Material to process:
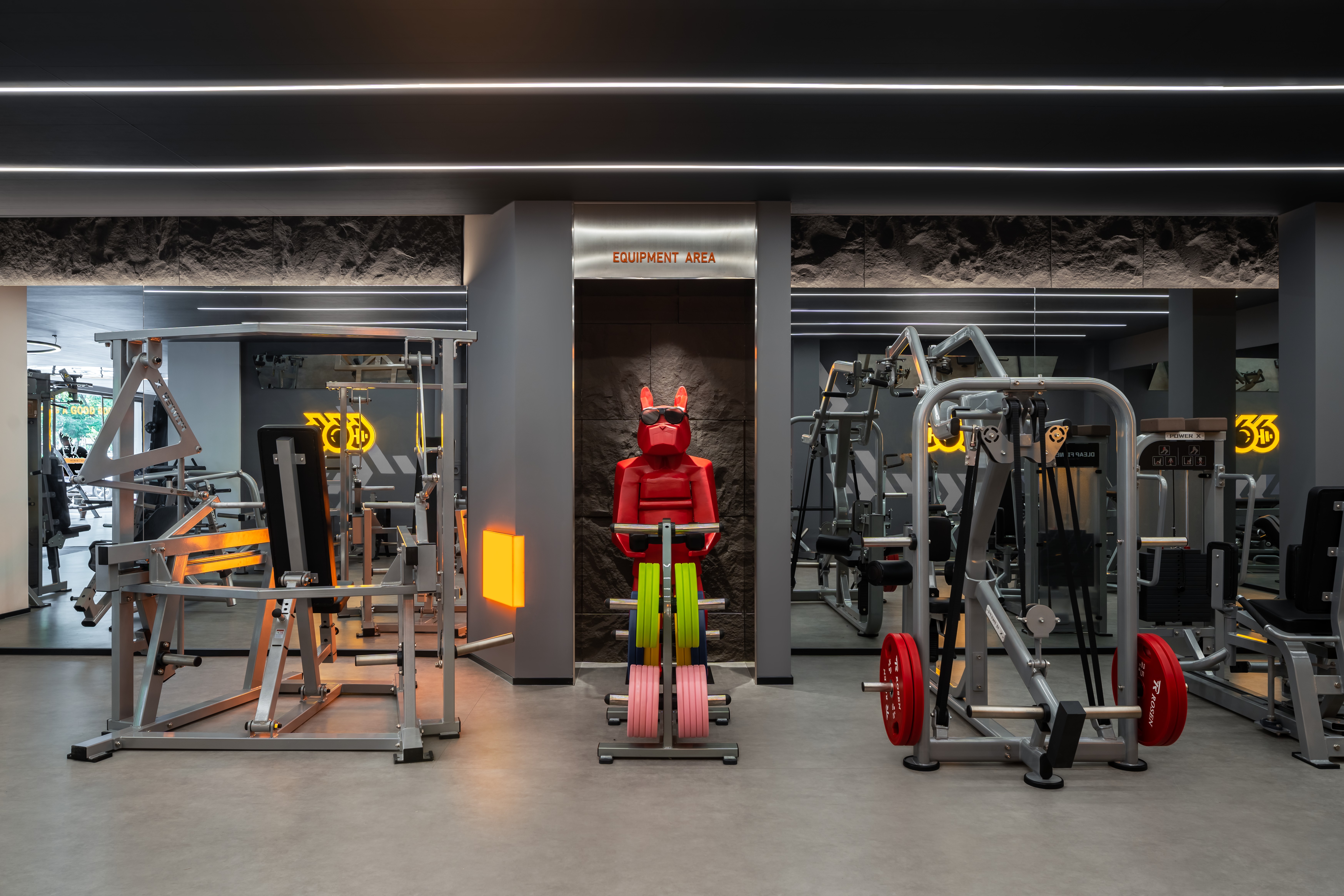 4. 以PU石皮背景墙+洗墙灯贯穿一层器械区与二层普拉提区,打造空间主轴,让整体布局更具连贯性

==

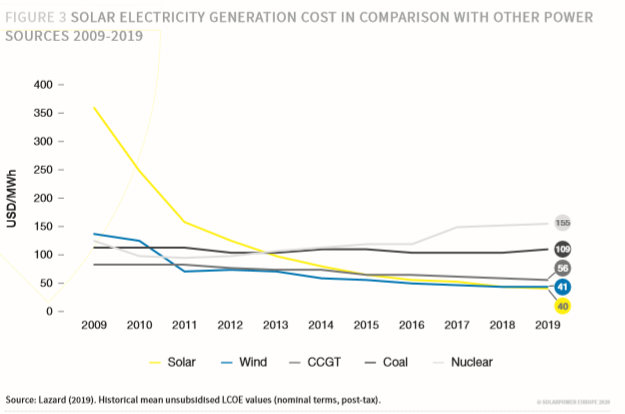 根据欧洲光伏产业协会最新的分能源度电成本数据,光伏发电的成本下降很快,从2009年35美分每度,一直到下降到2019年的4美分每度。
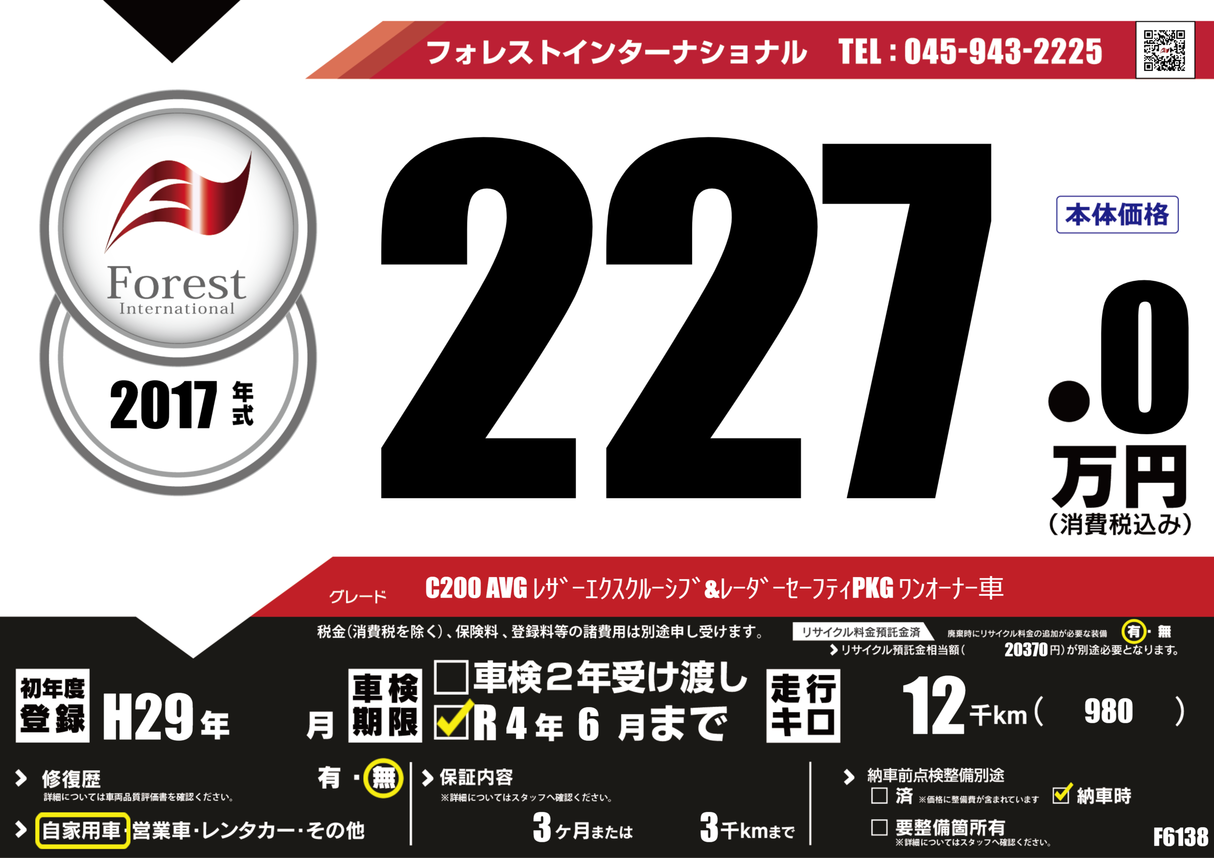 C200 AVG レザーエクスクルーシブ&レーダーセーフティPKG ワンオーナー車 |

What to work on:
From the records above, copy only the lines running from the line containing "根据欧洲光伏产业协会最新的分" to the line containing "C200 AVG レザーエクスクルーシブ&レーダーセーフティPKG ワンオーナー車 |", both ends included. Leave the pictures out.

Final answer:
 根据欧洲光伏产业协会最新的分能源度电成本数据,光伏发电的成本下降很快,从2009年35美分每度,一直到下降到2019年的4美分每度。
 C200 AVG レザーエクスクルーシブ&レーダーセーフティPKG ワンオーナー車 |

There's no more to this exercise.